La conséquence de cet isolement est que la démotivation guette le conseiller syndical. Au fil du temps, même le plus fort d’entre eux peut baisser les bras et s’éloigner de ses missions. Dans ce cas, la copropriété se retrouve « sans surveillance » et les dossiers prennent du retard, ou bien n’aboutissent pas. Il est donc particulièrement important de permettre à tous les copropriétaires de communiquer et de s’entraider, et d’intervenir pour aider les conseillers syndicaux si besoin.

Les locataires font également partie de la copropriété… parfois pour le pire mais aussi pour le meilleur

Une copropriété est souvent peuplée de nombreux locataires, en particulier lorsque c’est une copropriété verticale (immeuble ou résidence avec appartements). Les locataires vivent dans la copro, font face à ses problèmes, échangent avec les autres résidents et parfois aussi avec les membres du conseil syndical.

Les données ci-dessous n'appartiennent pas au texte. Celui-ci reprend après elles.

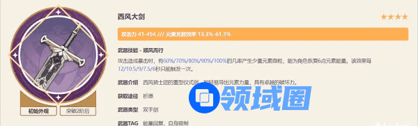 也是主打充能的武器。不错的充能面板加上被动效果,只要产生暴击就能额外产球,充能稳定。加上因为是早期出现的武器,所以每个人手上或多或少都会有一两把西风大剑,在没有其他武器的情况下,拿出来使用也是不错的。

Pour certains d’entre eux le constat est négatif : ils vont poser des soucis à leurs voisins, causer des problèmes à la fois aux propriétaires des logements qu’ils occupent mais aussi au syndic (qui sera amené à gérer certains litiges), et éventuellement poser des soucis aux membres du conseil syndical, qui se sentiront en devoir d’intervenir. Malgré cette minorité de perturbateurs, l’ensemble les locataires se révèlent être des personnes civilisées, et qui ont leur mot à dire sur la vie de la copropriété. Ils  subissent les désagréments au même titre que les copropriétaires résidents, et recherche une qualité de vie dans la copro.

Ceci dit, les locataires sont systématiquement écartés des échanges et des circuits de décisions. Ils ne sont pas considérés comme étant réellement impliqués dans la copropriété, et ne sont pas vus comme ayant la moindre légitimité à cet égard. Pourtant, ils ont leur mot à dire et peuvent s’avérer des alliés précieux lorsqu’il s’agit de détecter des problèmes et faire remonter des informations au conseil syndical. Pour ces raisons il est très intéressant de trouver le moyen de les intégrer aux échanges avec les copropriétaires et les conseillers syndicaux, et même dans une certaine mesure avec le syndic.

Les problèmes de communication et d’échange d’informations

Ce manque de communication et d’échanges est assez général dans une copropriété. Il concerne non seulement les locataires, mais aussi l’ensemble des copropriétaires, et en particulier les bailleurs. Ces derniers sont systématiquement tenus à l’écart des affaires de la copro, car d’une part très peu y résident, et d’autre part ils n’ont pas de moyen pratique de s’informer de ce qui s’y passe ni de participer aux échanges et aux prises de décisions.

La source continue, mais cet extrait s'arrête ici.